### Task objective
Leave out the pictures, and print exactly the lines from the one holding "12.04 Fernández ya" through the last line of the material.

### Supplied data
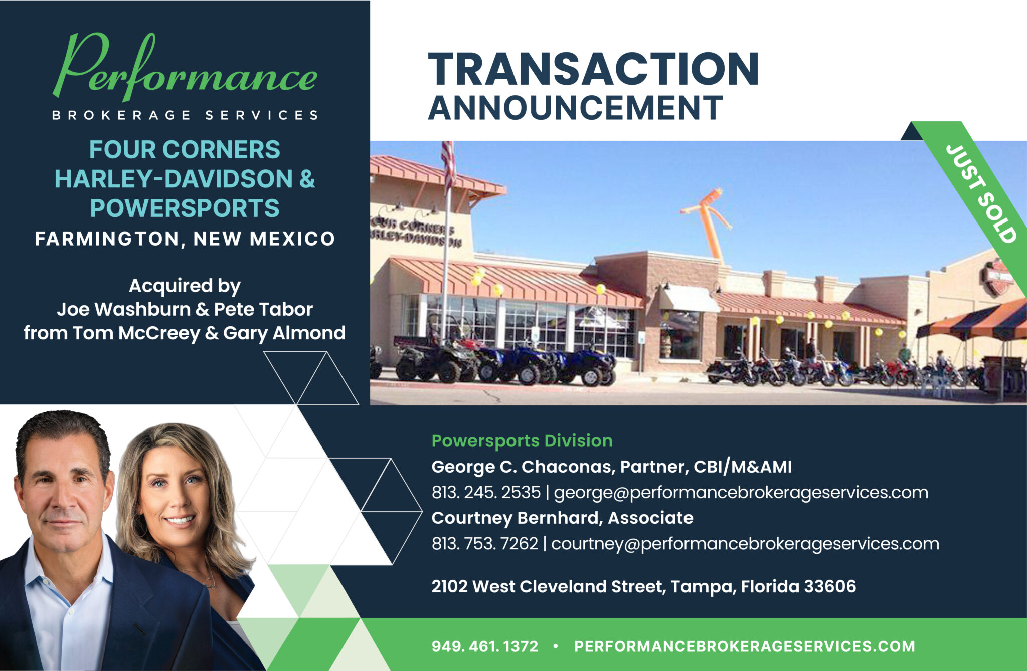 Performance Brokerage Services, North America’s highest volume dealership brokerage firm, is pleased to announce the sale of Four Corners Harley-Davidson…
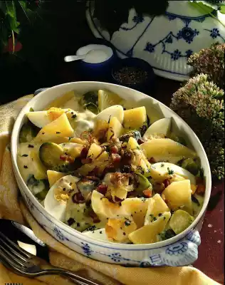 Drain the vegetables and collect the cooking water. Melt fat, add flour and sweat. Stir in vegetable water, milk and mustard. Add vegetables and simmer for 5 minutes at low heat. Season to taste with salt and pepper. Add eggs shortly before the end of cooking time and warm up. Cut bacon into cubes. Peel onion and cut into rings. Fry bacon in a pan without fat until crispy, add onion rings and fry until golden brown.
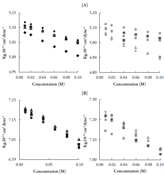 The decrease of intermolecular free length with increase of concentration suggests that the distance between solute and solvent molecules decrease due to increase in solute-solvent interactions, which causes velocity to increase. This is supported by isentropic compressibility (к s ) and relaxation strength (r). Figure 2 shows the variation of isentropic compressibility (k s ) with increase in concentration.
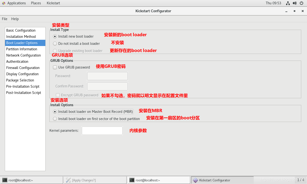 NFS server:ks=nfs:host:/path/to/KICKSTART_FILE范例:用boot光盘启动利用网络源安装
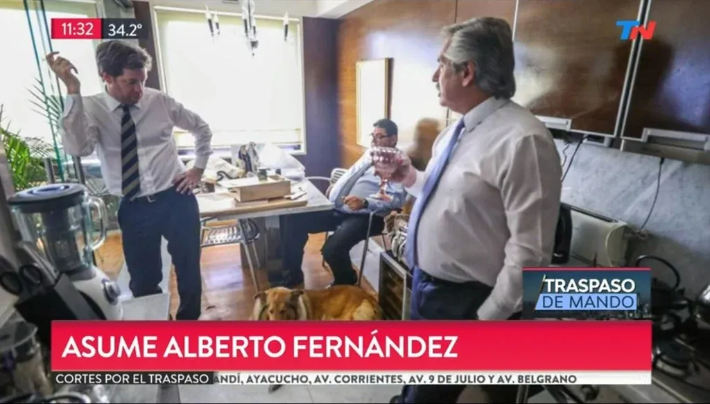 12.04 Fernández ya porta la banda y el bastón presidencial, los atributos del mando.
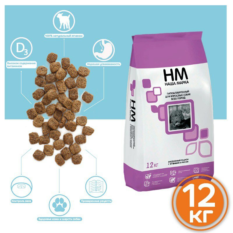 Корм сухой "Наша Марка" гипоаллергенный, для взрослых собак, с мясом ягненка и рисом, 12 кг

### Your solution
 12.04 Fernández ya porta la banda y el bastón presidencial, los atributos del mando.
 Корм сухой "Наша Марка" гипоаллергенный, для взрослых собак, с мясом ягненка и рисом, 12 кг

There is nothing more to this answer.